Rasch wurde daher deutlich, dass nicht nur individuelle Hilfe notwendig ist, sondern auch Aufklärung und Beratung im direkten Umfeld, den Gemeinden, den Communities der Zuwanderer. Und erste Erfahrungen zeigten und zeigen, dass dies am erfolgreichsten ist, wenn gut integrierte Zuwanderer an dieser Beratung und an der Prävention aktiv beteiligt sind.

So wurden Projekte mit lokalen Partnern, mit Aidshilfen, kirchlichen Beratungsstellen und Universitäten entwickelt, die sich speziell an Migrantinnen und Migranten wenden. Das Projekt „Muttersprachler klären auf“ der Stadtmission Nürnberg, das sich an Flüchtlinge in Aufnahmeeinrichtungen wendet, beschreibt bereits in seinem Namen, was getan wird. Im Projekt „Helping hand“ des Universitätsklinikums Frankfurt helfen gut integrierte und therapierte HIV-positive Migrantinnen und Migranten Neuankömmlingen, sich den Herausforderungen der Infektion zu stellen. Die Berliner AIDS-Hilfe richtet sich mit dem Projekt „Ost Europa im Fokus. Prävention und Beratung von MigrantInnen“ an Menschen aus der Region, in der die Neuinfektionsraten am stärksten steigen.
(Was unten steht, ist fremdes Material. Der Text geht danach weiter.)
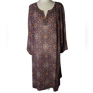 Ryllace Floral Silk Tunic Dress Split V Neck 3/4 Sleeve Red Tan Size 16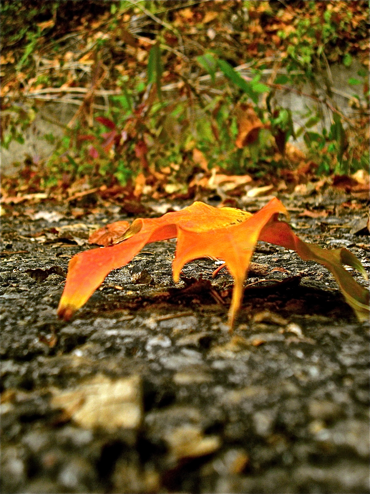 The last three photos you just saw....You can only imagine how sore and dirty I was after taking them. And those are only three out of forty-four photos I took of leaves on the ground! Just saying.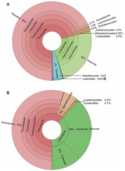 The spectrum of taxa associated with the Antarctic lichens: (A) Ramalina terebrata, and (B) Himantormia lugubris.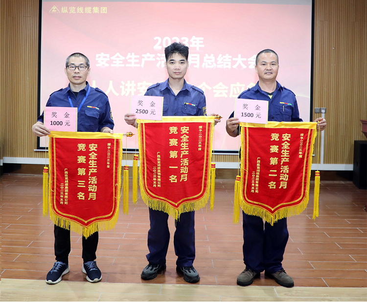 安全生產(chǎn)活動月期間,各部門根據(jù)“安全生產(chǎn)月”活動方案統(tǒng)一部署,全面落實以“人人講安全,個個會應(yīng)急”為主題,開展了系列安全生產(chǎn)宣傳活動,各部門在車間、辦公區(qū)域懸掛安全生產(chǎn)標(biāo)語、橫幅,營造了良好的宣傳范圍。此外,我集團(tuán)廣泛開展安全生產(chǎn)知識競賽活動,組織進(jìn)行了有針對性的應(yīng)急救援演練,通過安全教育和培訓(xùn),強化一線作業(yè)人員安全基本知識和安全技能;全面開展安全隱患排查治理活動,確保整改落實到位。各項活動取得了明顯成效。 6月17日,我集團(tuán)開展了安全生產(chǎn)活動月總結(jié)大會暨安全知識競賽活動,標(biāo)志著縱覽線纜集團(tuán)2023年安全生產(chǎn)活動月圓滿結(jié)束。安全領(lǐng)導(dǎo)小組組長、董事長陳秀銳出席會議并講話;安全領(lǐng)導(dǎo)小組副組長劉小祥、吳培軍、黎永豪,安環(huán)辦、各中心領(lǐng)導(dǎo)、部門負(fù)責(zé)人參加會議。 陳秀銳董事長對公司安全生產(chǎn)工作取得的成績給予肯定,解析了安全工作重點和當(dāng)前存在的問題。他表示,公司十分重視安全生產(chǎn),每年如期舉行安全生產(chǎn)活動月就是為了讓大家重視安全生產(chǎn)。他強調(diào),安全生產(chǎn)是大愛,管理團(tuán)隊要高度重視安全生產(chǎn)工作,接受員工監(jiān)督,自我反省、自我檢查,要敢管,解決根源性問題,讓安全生產(chǎn)深入到每一個人,讓全體員工達(dá)成安全生產(chǎn)共識,重視安全生產(chǎn);各層級領(lǐng)導(dǎo)要自我反思、自我剖析、自我批評,加強領(lǐng)導(dǎo)力提升、水平提升,安全生產(chǎn)不能停于表面、流于形式,要付諸行動,安全生產(chǎn)是責(zé)任、是規(guī)范、是規(guī)劃。作為實操者,要積極踐行“做負(fù)責(zé)任的人”文化價值觀,為自己負(fù)責(zé)、為家人負(fù)責(zé)、為公司負(fù)責(zé),希望安全生產(chǎn)不單單在形式上轟轟烈烈,更要在行為上取得更大的成就,我們要規(guī)范開展每一項工作,共同鑄造平安縱覽,安全縱覽。 在會議開始前,進(jìn)行了一場精彩紛呈的安全知識競賽,五支參賽隊伍經(jīng)過五輪激烈角逐,最后結(jié)合安全隱患排查、安全征文、技能競賽綜合成績,生產(chǎn)隊獲安全生產(chǎn)活動月競賽一等獎;電力隊獲安全生產(chǎn)活動月競賽二等獎;財質(zhì)隊獲安全生產(chǎn)活動月競賽三等獎。與會領(lǐng)導(dǎo)向安全生產(chǎn)活動月獲獎隊伍頒發(fā)了錦旗。 |

Dank der großzügigen Förderung der PKV konnte die Deutsche AIDS-Stiftung seit 2011 mittlerweile dreizehn Projekte für Migrantinnen und Migranten weiterhin unterstützen und sogar deutlich ausbauen. Der PKV-Verband hat für diese Hilfen seitdem mehr als 350.000 Euro bereitgestellt. Dieses Engagement ist umso bemerkenswerter, als es sich bei der Zielgruppe in aller Regel nicht um potenzielle Versicherungsnehmer handelt.